Tuesday’s event was put on by the college’s Republican club, whose members were passing out posters of Ronald Reagan and “free speech” stickers in the lobby before the event. Nicholas Consolini, the president of the UMass College Republicans, told the Gazette that they invited Spicer to UMass Amherst in part as an exercise in free speech.

“Everyone has the right to say their opinion,” he said, noting many people would want to hear from someone who was so close to the president.

Photography was prohibited at the event, and when the question-and-answer portion of the night arrived, Consolini revealed to the seemingly disappointed crowd that he would be asking Spicer pre-selected questions he claimed to have collected in the lobby.

Sitting front and center for Spicer’s speech was 58-year-old Peter McNair, an Agawam resident and Trump supporter. He said he hoped for some candor from Spicer about his time in the White House.

“I’d like to hear his point with the strengths of Trump, and his weaknesses,” McNair said.

Spicer didn’t really get into any of that. He spent his whole speech on autobiographical details, discussing his childhood in Rhode Island and the early political campaigns he worked on. Campaign strategy was a large focus of the talk, from his earliest work on congressional races to Trump’s presidential campaign of 2016.

Spicer recounted how, going into the 2014 midterm elections, the Republican Party poured $175 million into massive data troves on voters, adding to that data with on-the-ground door knocking. That data, Spicer said, could tell the party granular details about voters — whether someone owned a gun, what car they drove, who their “influencers” were.

“It’s not just one candidate who benefits, it’s every candidate up and down the ballot,” Spicer said of that strategy. Those elections saw sweeping victories for Republicans across the country, resulting in the largest Republican majority in the House since 1928.

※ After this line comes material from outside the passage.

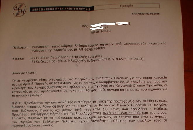 “Από την άλλη, υπάρχουν και καταναλωτές που δεν είναι στο κοινωνικό τιμολόγιο για πολλούς και διάφορους λόγους αλλά δεν ευημερούν. Μπορεί ας πούμε να είναι το εισόδημα τους 12.000 και ένα ευρώ αλλά να είναι πολύτεκνοι. Ένας πολύτεκνος με υποχρεώσεις, προηγούμενα δάνεια και τέσσερα παιδιά για παράδειγμα, ενδεχομένως θα δυσκολεύεται. Σε αυτούς δεν στέλνουν ειδοποίηση πως αν δεν κάνετε ρύθμιση θα προβούμε σε αναγκαστικά μέτρα είσπραξης, αλλά έχουν στείλει επιστολές από εισπρακτικές εταιρείες και έχω λάβει στα χέρια μου πολλές τέτοιες από ανθρώπους που μου τις αποστέλλουν μέσα στην απόγνωση τους. Σε αυτούς που έχουν αφήσει τους λογαριασμούς και έχουν φτάσει πάνω από 1.500 ευρώ στέλνουν επιστολές μέσω εισπρακτικών και τους δίνουν προθεσμία”.

On Trump’s campaign, Spicer said that when it became clear Trump would win the Republican nomination for president, the Republican National Committee held a meeting with Trump’s team. Trump’s campaign told RNC officials they didn’t have any fundraising operation or research team.

“We barely have any political folks, we don’t really have a communications operation,” Spicer recalled Trump’s team saying. “What do you guys have?”

The RNC had all of those things, Spicer said, and a data-heavy strategy resulted in victory.

Spicer was known during his time in the White House for controversial moments — including several offensive gaffes about the Holocaust — and false public statements. During Tuesday’s speech, he only briefly mentioned one of them — the infamous moment when Spicer repeated Trump’s false claim that the crowd at his inauguration ceremony was the largest in history. Trump aide Kellyanne Conway later famously called Spicer’s claims that day “alternative facts.”

“It was our first day,” Spicer said, acknowledging he would do things differently if he could redo it. “We were trying to counter a narrative and I don’t think we did it well.”

Spicer drew some laughs from the audience, who largely sat quietly. But he certainly wasn’t without his critics. There was one person quietly and periodically heckling him — though not interrupting — throughout the speech.

When Spicer began the question-and-answer portion of his appearance, a group near the front began singing the union anthem “Solidarity Forever,” drowning out Spicer’s voice and most of the questions from Consolini. Several others shouted denouncements — that Trump is a white nationalist, that Spicer is a liar. But most of the crowd cheered Spicer when he addressed the hecklers directly.

Ahead of the speech, the graduate student union, GEO, held a small rally in front of the Student Union building in opposition to Spicer’s appearance on campus. One of the union’s co-chairs, Prachi Goyal, said it felt painful that Spicer was invited to campus after several racists incidents have occurred on campus this semester.

“The message they spread and what they stand for is evil and extremely bigoted,” Goyal said of the Trump administration.